One is when dealing with differential mode constraints, since not all base color pairs are legal.  There are some cases where a base color pair that is just barely illegal could be made legal by nudging the colors closer together, but in practice, this is rare: Usually, there is already a very similar individual mode color pair, or another differential mode pair that is only slightly worse.

In CVTT, I deal with differential mode by evaluating all of the possibilities and picking the best legal pair.  There's a shortcut case when the best base color for both blocks produces a legal differential mode pair, but this is admittedly a bit less than optimal: It picks the first evaluation in the case of a tie when searching for the best, but since blocks are evaluated starting with the largest combined negative offset, it's a bit more likely to pick colors far away from the base than colors close to the base, even though colors closer to the average tend to produce smaller offsets and are more likely to be legal, so this could be improved by making the tie-breaking function prefer smaller offsets.
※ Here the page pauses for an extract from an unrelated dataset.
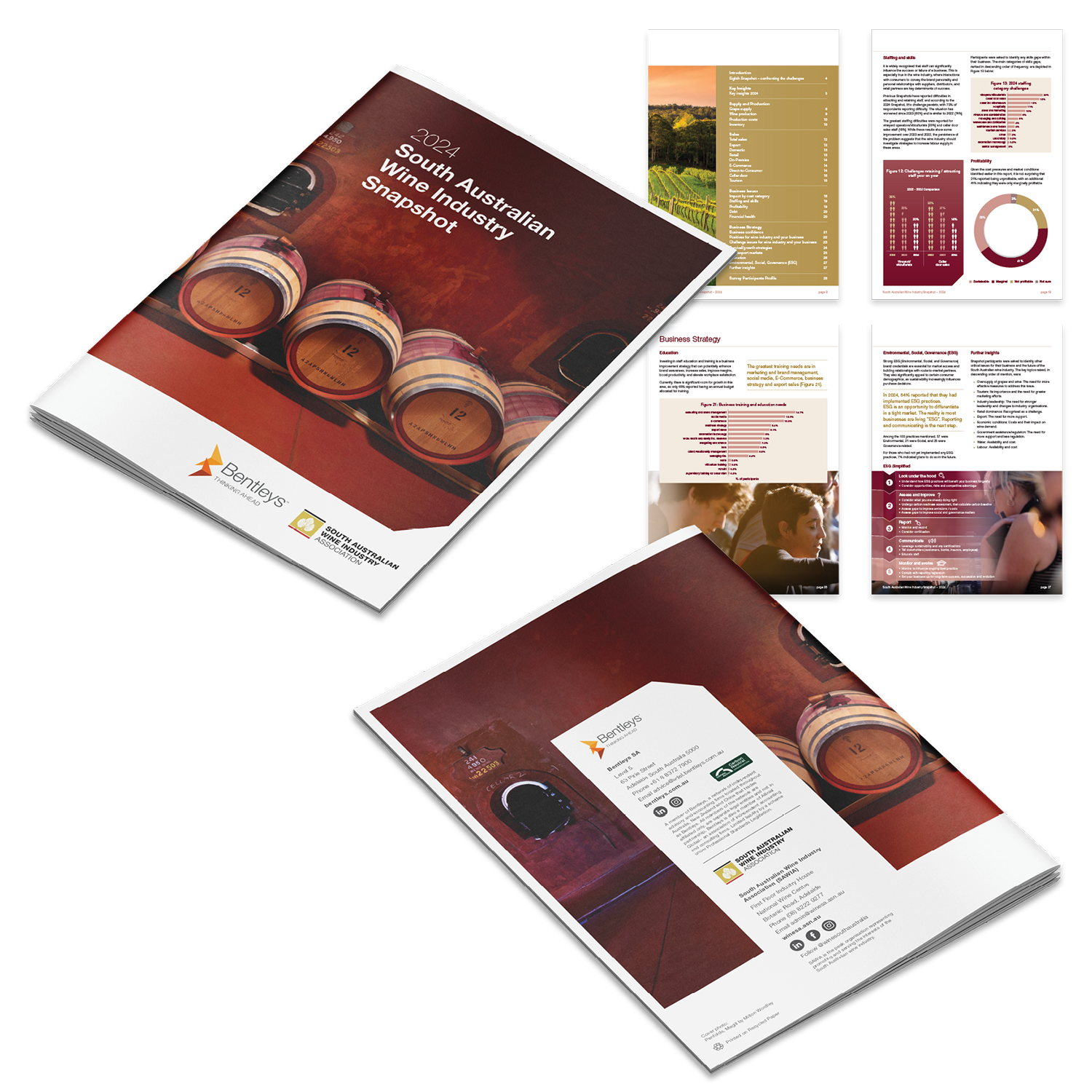 Crafting the Perfect Blend: The South Australian Wine Industry Snapshot Report Design for Bentleys SA and the South Australian Wine Industry Association (SAWIA).
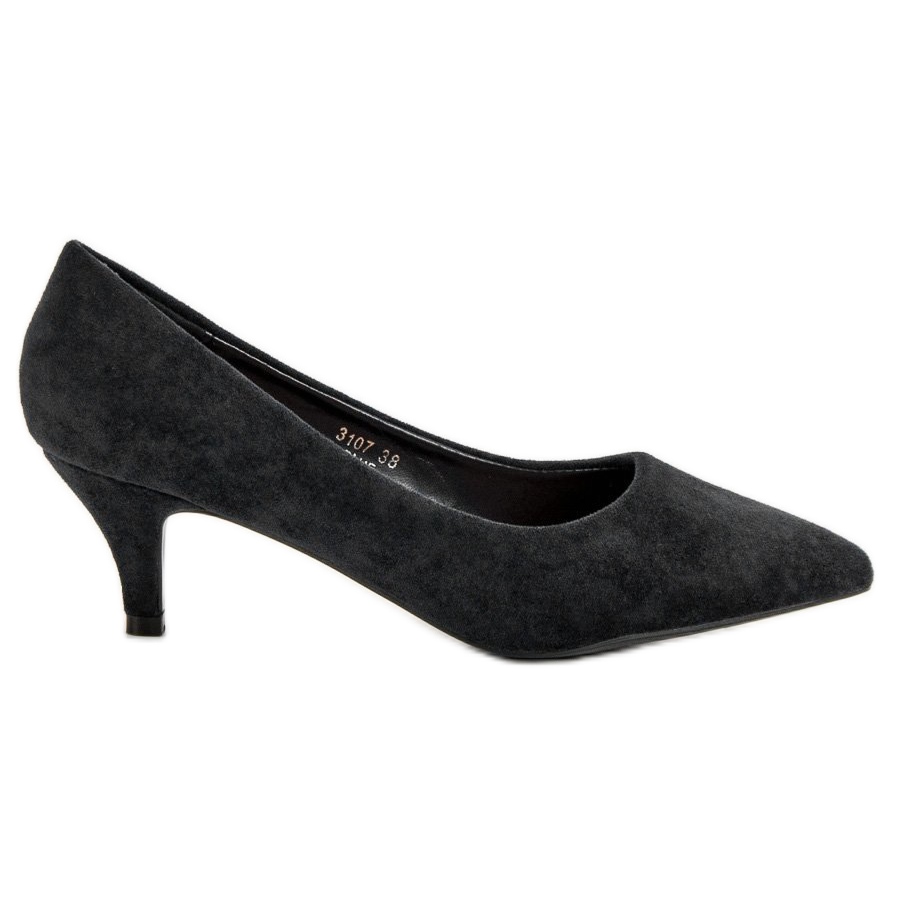 Upptäck elegans och komfort med svarta låga Nio Nio-klackar! Dessa snygga pumps är det perfekta valet för kvinnor som värdesätter kombinationen av klassisk stil och de senaste modetrenderna. De är gjorda av ekologiskt mockaskinn och ser extremt chic ut, och deras spetsiga tår ger feminin charm.

In practice though, the differential mode search is not where most of the computation time is spent: Evaluating the actual base colors is.

As with the rest of CVTT's codecs, brute force is still key: The codec is designed to use 8-wide SSE2 16-bit math ops wherever possible to processing 8 blocks at once, but this creates a number of challenges since sorting and list creation are not amenable to vectorization.  I solve this by careful insertion of scalar ops, and the entire differential mode part is scalar as well.  Fortunately, as stated, the parts that have to be scalar are not major contributors to the encoding time.